→ Your objective
Using the records that follow, reproduce exactly the lines starting at the line containing "2001 Thailand 50" and ending at the line containing "This unique tote". Include both end lines and no pictures.

→ Dataset
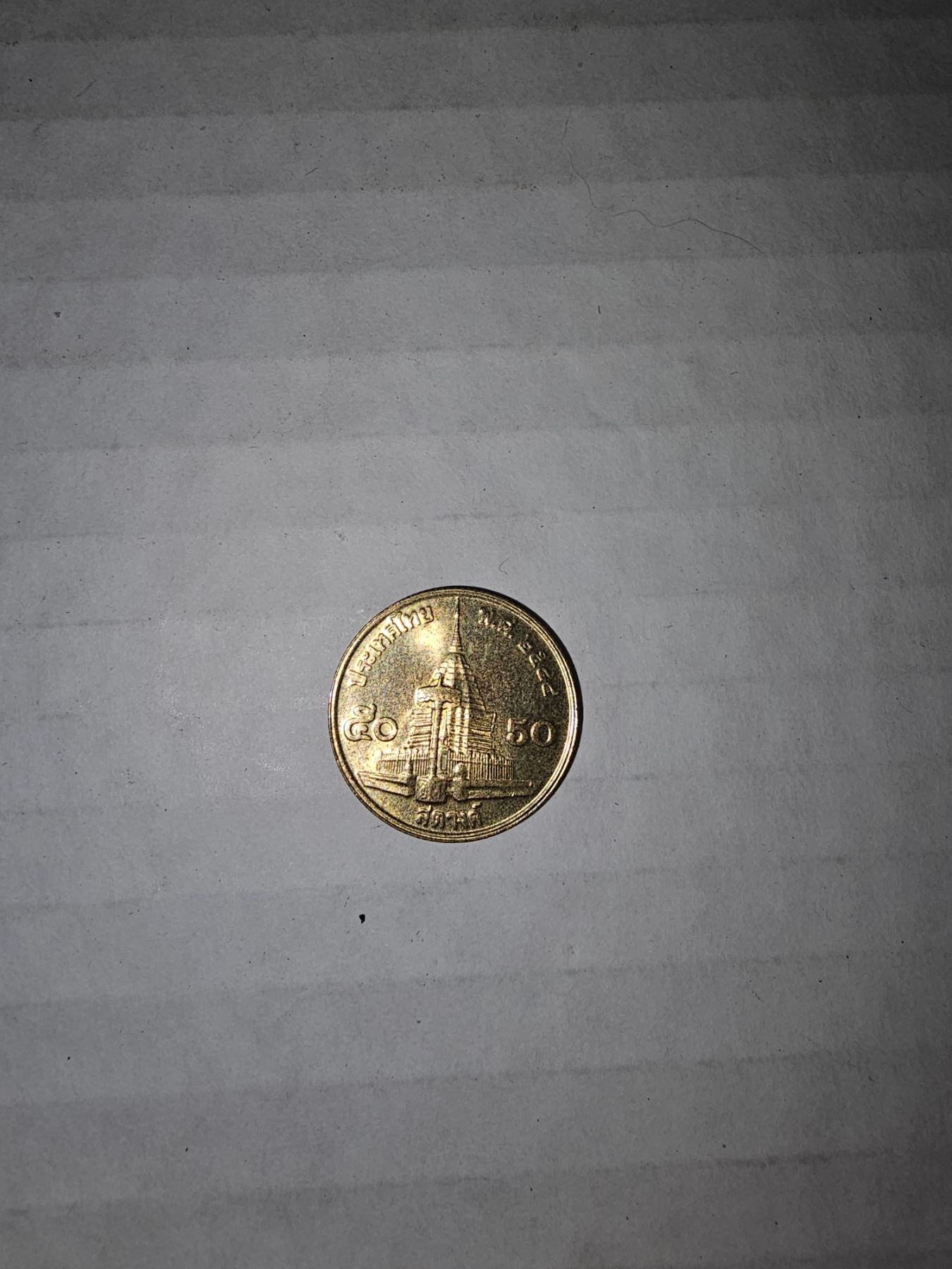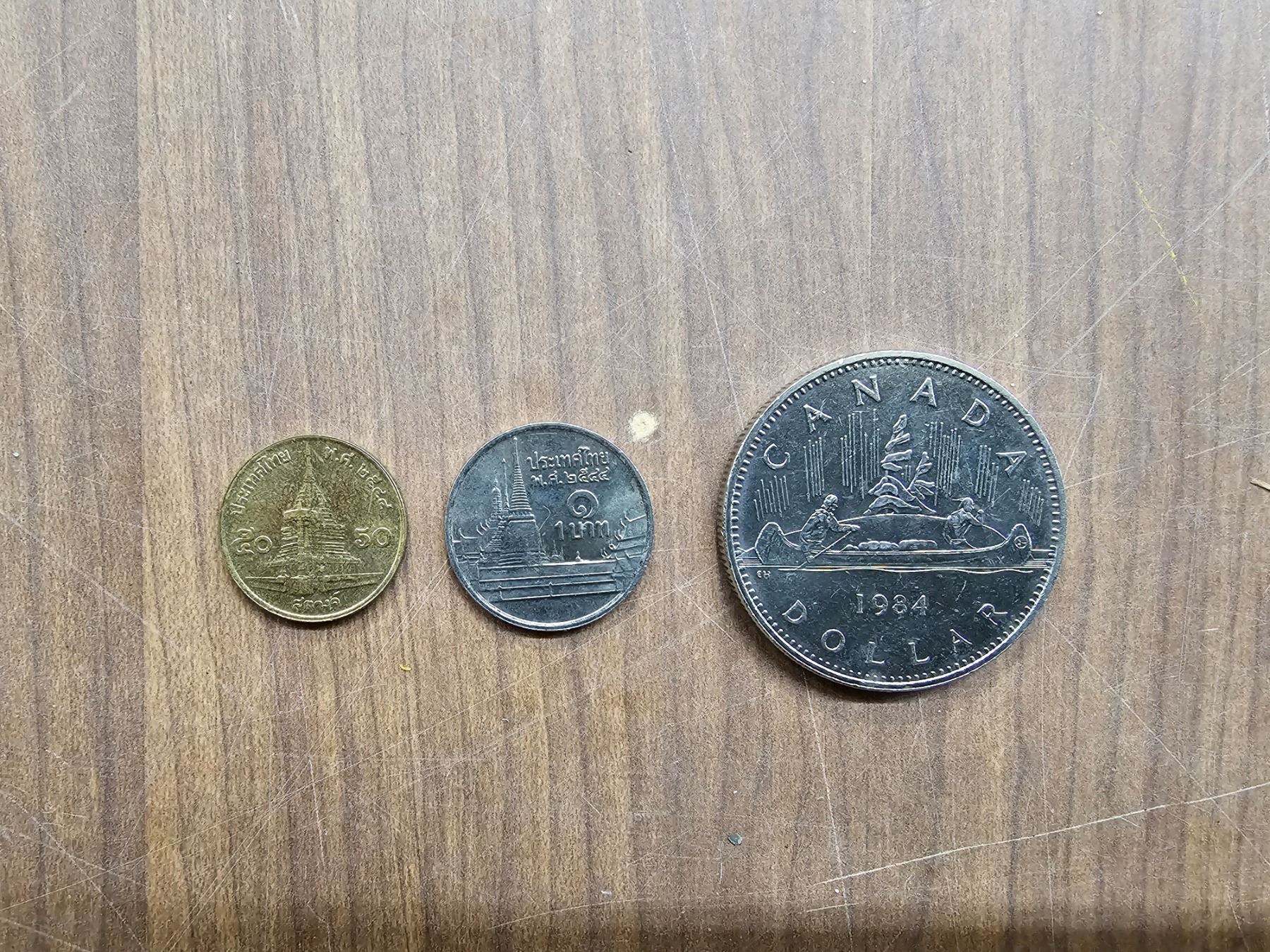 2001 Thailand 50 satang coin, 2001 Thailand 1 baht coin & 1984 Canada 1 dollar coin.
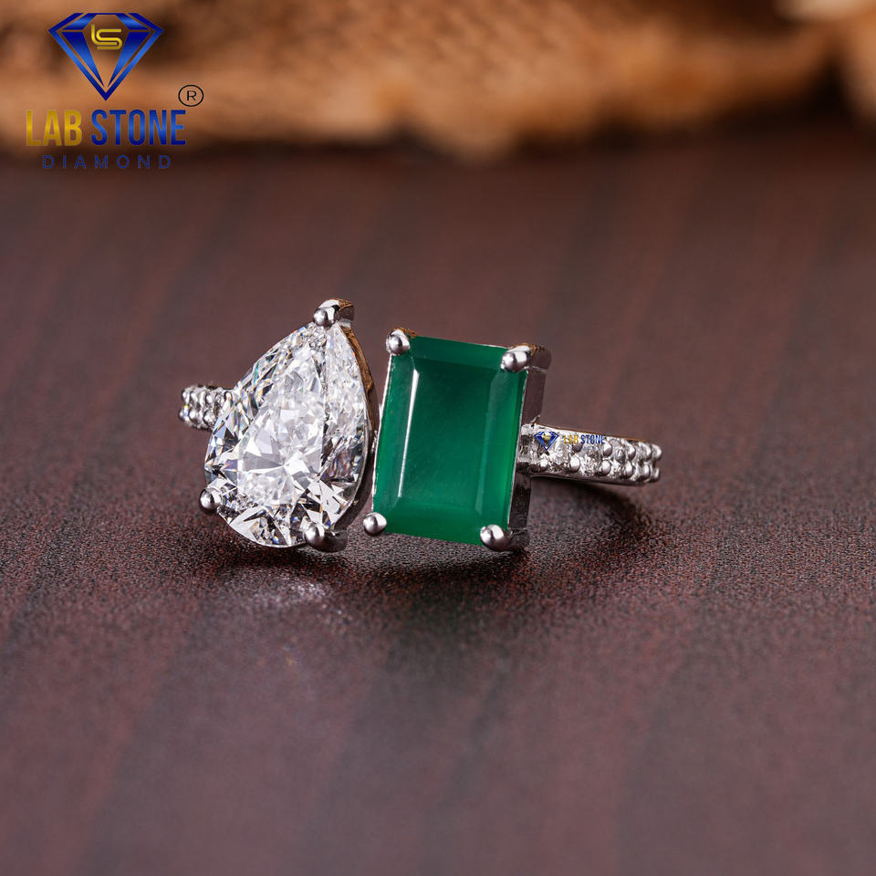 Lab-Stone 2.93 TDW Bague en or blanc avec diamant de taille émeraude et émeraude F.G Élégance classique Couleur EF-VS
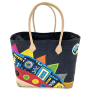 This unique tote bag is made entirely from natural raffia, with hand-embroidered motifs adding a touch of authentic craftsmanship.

---

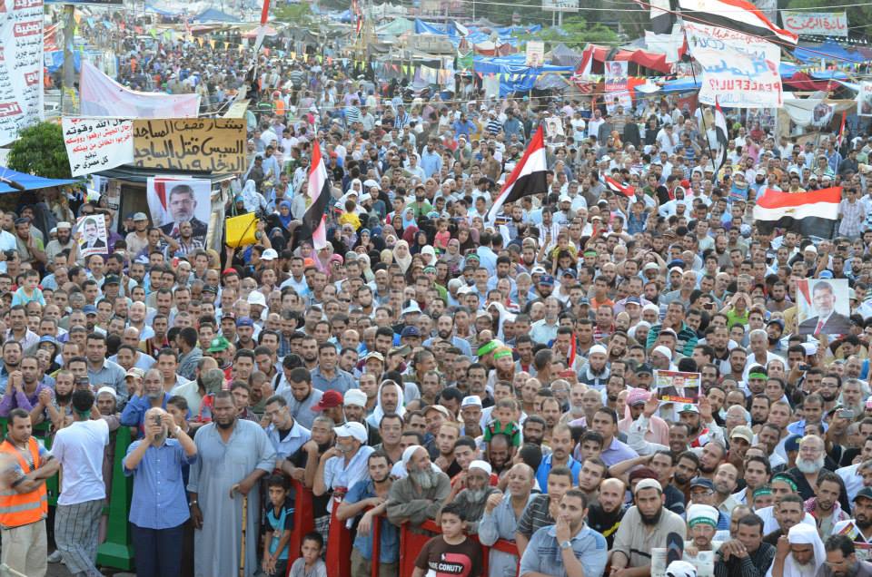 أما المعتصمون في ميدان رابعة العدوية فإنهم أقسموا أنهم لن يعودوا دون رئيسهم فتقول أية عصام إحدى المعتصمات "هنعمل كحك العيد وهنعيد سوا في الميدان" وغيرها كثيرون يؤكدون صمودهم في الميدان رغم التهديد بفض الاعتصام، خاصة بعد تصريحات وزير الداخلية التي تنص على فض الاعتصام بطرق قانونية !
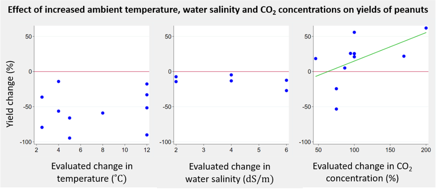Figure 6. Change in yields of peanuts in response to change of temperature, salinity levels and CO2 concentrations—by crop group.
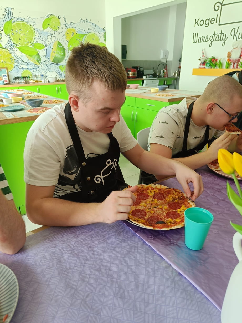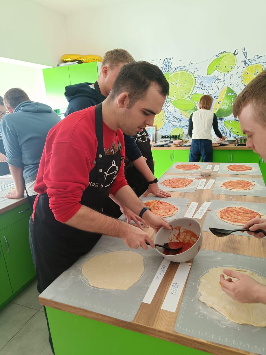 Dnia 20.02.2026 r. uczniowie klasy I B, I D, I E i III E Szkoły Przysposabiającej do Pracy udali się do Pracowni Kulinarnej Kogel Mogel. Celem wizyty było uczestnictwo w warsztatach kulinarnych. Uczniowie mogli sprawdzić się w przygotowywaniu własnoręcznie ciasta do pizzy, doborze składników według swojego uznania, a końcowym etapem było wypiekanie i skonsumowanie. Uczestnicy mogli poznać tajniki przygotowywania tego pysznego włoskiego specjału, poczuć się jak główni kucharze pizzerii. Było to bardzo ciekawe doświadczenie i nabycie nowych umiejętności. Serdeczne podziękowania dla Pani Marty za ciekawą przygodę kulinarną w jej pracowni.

→ Your solution
 2001 Thailand 50 satang coin, 2001 Thailand 1 baht coin & 1984 Canada 1 dollar coin.
 Lab-Stone 2.93 TDW Bague en or blanc avec diamant de taille émeraude et émeraude F.G Élégance classique Couleur EF-VS
 This unique tote bag is made entirely from natural raffia, with hand-embroidered motifs adding a touch of authentic craftsmanship.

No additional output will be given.